I found this Berkeley’s Polypore, more than two feet across, near a huge quarry in Westfield and not far from the Massachusetts Turnpike. You can spot the oddest things in the most banal places.

Last week, I found a fungus measuring more than two feet wide, not far from what seemed like a miles-wide gash in the land, a quarry between the Massachusetts Turnpike and Route 20 in Westfield. This trail winds where people have abandoned the land, where they cannot build because of rock underneath or the steep hillside angle. That doesn’t mean no one uses the land for crushing rocks, for harvesting timber, or for storing 5 billion gallons of water to let loose when the price is right.

The trail, and where it leads, reminds me constantly that beauty, deep satisfying, dripping folds of wonder, occur most anywhere, and there’s little correlation between remoteness and a sublime forest. Just allow a bit of forest some time — decades will do — don’t disturb it, and something full of grace will appear. Not the grace of God, just plain grace of being.

This bit of grace and beauty will most likely erupt from the forest floor in New England; this soil is damp and rich and wondrous. So I walk slowly, sniffing and spying and eavesdropping, trying to sense something new.

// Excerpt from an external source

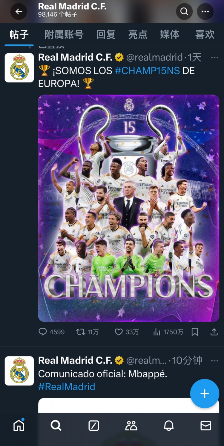 团队>个人!官宣姆巴佩后,皇马官推置顶位仍为第15冠!

I’m going to get a little abstract here, or Nan Shepherd is. She’s a long-dead Scottish author, who wrote a book called The Living Mountain that some consider the best bit of nature writing produced in Great Britain. Think Sand County Almanac for the Cairngorm Mountains in northern Scotland. From the 1920s to the 1970s, Shepherd climbed deep and often into those mountains and wrote impossibly well about how being in a state of curiosity was a Highland version of the Buddhist idea of Satori, a way of play between the poles of rational thought and nihilism. She wrote this in the 1940s:

“So, simply to look on anything, such as a mountain, with the love to penetrate to its essence, is to widen the domain of being in the vastness of non-being. Man has no other reason for his existence.”

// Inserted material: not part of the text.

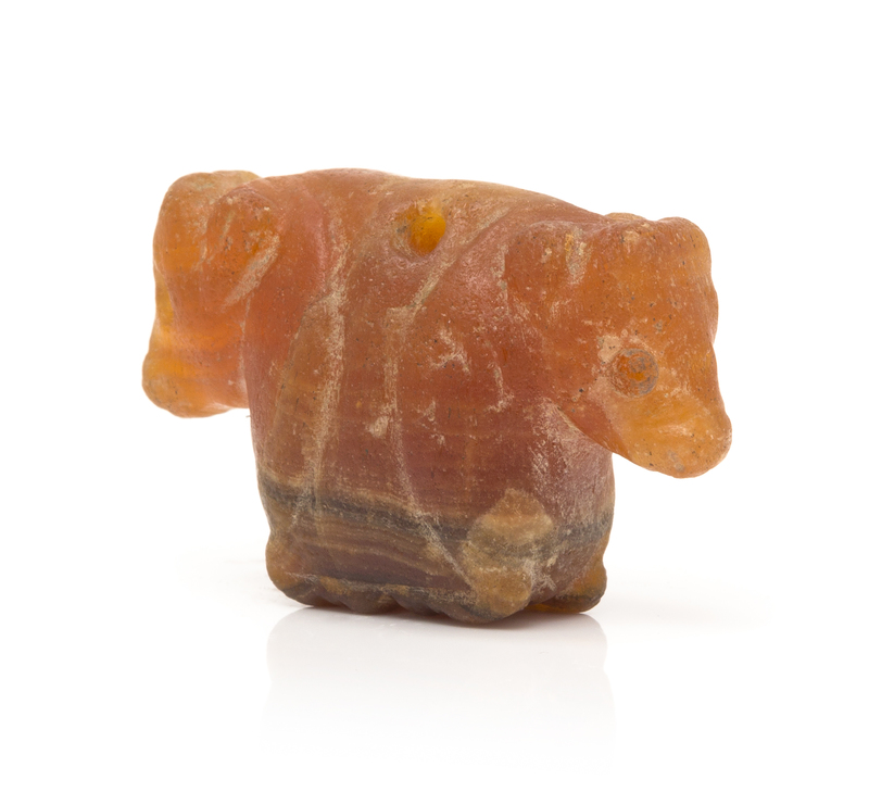 A Possibly Ancient Carnelian Double Calf Carved Bead,

Shepherd romped and played on the Cairngorms, verbs I choose with care. Thhat sense of play, I believe, is important if we want to “widen the domain of being,” and get out of our own heads, lose ourselves in the joy of a fungus big enough to nap in. I have the New England Trail on which to play, and it never veers far from human work and home. But, here’s the point, the forest doesn’t seem to care about my idea of wilderness, about whether I think a nearby blasted quarry ruins the mood, or my opinion that 5 billion gallons of water sitting on a mountain top is obscene. Because a few hundred yards from a carved out hillside, a Berkeley’s Polypore, the fungus I found last week, will bloom from the mycorrhizae underground. And this week, I find rolled out mats of moss, so green they seem to thrive under a leaky faucet. The moss lines both sides of the trail, at once inviting me to step off the path and pad on the soft cushion, then just as suddenly I’m in a state of dread. I should not allow one toe to reach that moss, which grows slowly and only under strict conditions of light and water.

Truth. I stumble, not inconceivable since I’m 59, and weave off the path onto the moss. I stop still, and enjoy, feeling the give, almost an enveloping, that is fully hydrated and thick moss. The moss takes on a double grace; I see it and feel it beneath my feet. 

This is not the wilderness. This moss moment occurs within a ten-minute walk from the chainlink fence and the mountain-top pit.

I keep walking and hoping to develop some capacity to penetrate the forest’s essence like Nan Shepherd would do if she were my walking partner. Maybe, what I’m trying to grasp on this hike to the summit of Mt. Monadnock is a capacity to play in places not considered sublime.